If rumors are to be believed, Apple has had to scale back its ambitions for the Apple Silicon Mac Pro. A planned performance-boosting "M2 Extreme" chip has supposedly been canceled, and some of the perks people normally associate with the Mac Pro—upgradeable RAM and graphics—likely won't be supported because of the way Apple Silicon chips are designed.

Which leaves us with, if the most recent rumors are accurate, a high-end Mac Studio with user-accessible storage slots stuffed into the current neo-cheese-grater Mac Pro tower design.

That doesn't leave much space between the Mac Studio and the Mac Pro—little enough that the Mac Pro could have trouble justifying its continued existence and price premium. One possible solution, as reported by Bloomberg's Mark Gurman: Apple could simply skip an M2-generation refresh for the Mac Studio entirely, leaving more of a performance gap between the still-M1-based Studio models and an M2-based Mac Pro.

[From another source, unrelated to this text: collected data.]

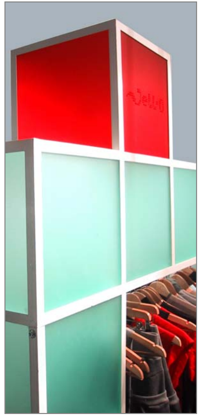
BoBo Design Ltd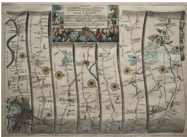
Fig. 2. John Ogilby, Strip map from the 1675 Britannia Atlas, showing the route from London to Bristol.

In this text from Mercator, the depiction of the arm acts as the main reference frame in order to explain the various aspects of “bona” and “mala gubernatio”. In this case the reference frame is based on a tridimensional representation, which helps the reader to elaborate the context of Mercator’s explanations. The typographical elements are activated and acquire meaning thanks to the reference frame “arm depiction”, which in turn becomes polarized and contextualized by the presence of alphabetic writings.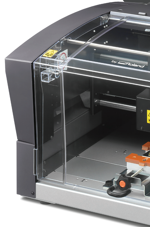
*Optional vice shown

Easily-applied nose cones avoid scratches to delicate materials and deliver consistently precise results.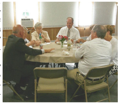
Serious Discussion Going On!

The retreat is a great way for our missionary family to renew fellowship with one another and recharge their spiritual "batteries" for ministry.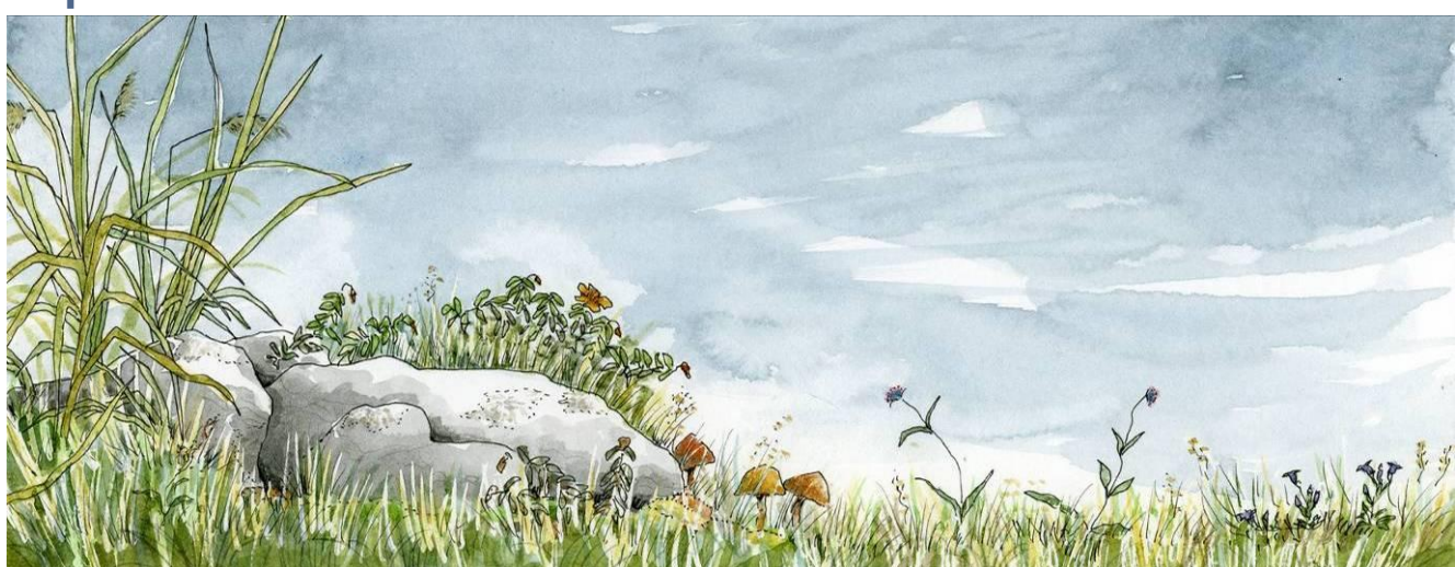
Indicator species in September and October

By late summer, most plants should have set seed, although a few late flowering species such as devil's-bit scabious and autumnal gentian may still be in bloom. Annuals such as eyebrights die after seeding and grass leaf blades yellow and die back as winter approaches.

"It wouldn't make sense for Apple to offer an M2 Ultra Mac Studio and M2 Ultra Mac Pro at the same time," Gurman writes in his newsletter (via MacRumors). "It's more likely that Apple either never updates the Mac Studio or holds off until the M3 or M4 generation. At that point, the company may be able to better differentiate the Mac Studio from the Mac Pro."

While Gurman is usually in a position to know these things, it's worth noting that he hedges this prediction as more of a guess, rather than attributing it to any specific source at Apple or one of its suppliers. It's certainly not an ironclad guarantee that there will be no M2 version of the Studio.

Whatever Apple ends up doing, it's clear that the Apple Silicon era isn't changing anything for Apple's desktop users—it's still hard to know when to expect hardware updates, and it's hard to predict what you'll get when they do arrive.

The M2 Mac mini showed up six months after the M2 versions of the MacBook Air and 13-inch MacBook Pro, though the M1 versions of all three Macs were announced simultaneously. The 24-inch iMac (creeping up on its second birthday) may not get an M2 version at all, and there's still conflicting evidence about whether Apple is planning a larger Apple Silicon iMac to replace the 27-inch Intel model or the iMac Pro. The new Mac Pro has already blown Apple's original two-year Intel transition timeline. It's all considerably less predictable than the iPhone's every-single-September launch schedule (it helps that new iPhones can make or break Apple's quarterly financial reports and new Macs, generally, cannot).

This inconsistency is almost certainly justified by Mac desktop sales numbers; Apple doesn't break out Mac laptop and desktop sales in its financial reports, but it's a fair bet that the laptops outsell the desktops. Given a limited number of chips and finite capacity for designing and manufacturing new products, it makes sense to prioritize laptops. That's especially true of Macs with Apple Silicon chips, which because of their power efficiency, generally perform the same way regardless of whether they're in a laptop or desktop.

That doesn't make the long, uncertain wait between refreshes any easier for people who need or prefer a desktop setup. If you decided against ordering an M1 Studio recently because you wanted to wait for the latest and greatest model, a new Mac Pro might include features you don't want or cost more than you want to spend, and the M2 Mac mini (as much as we liked it) might not offer everything you're looking for. You can either get a solid deal on a refurbished M1 Mac Studio, or you can wait and hope that Apple eventually decides to release a desktop that does exactly what you want it to.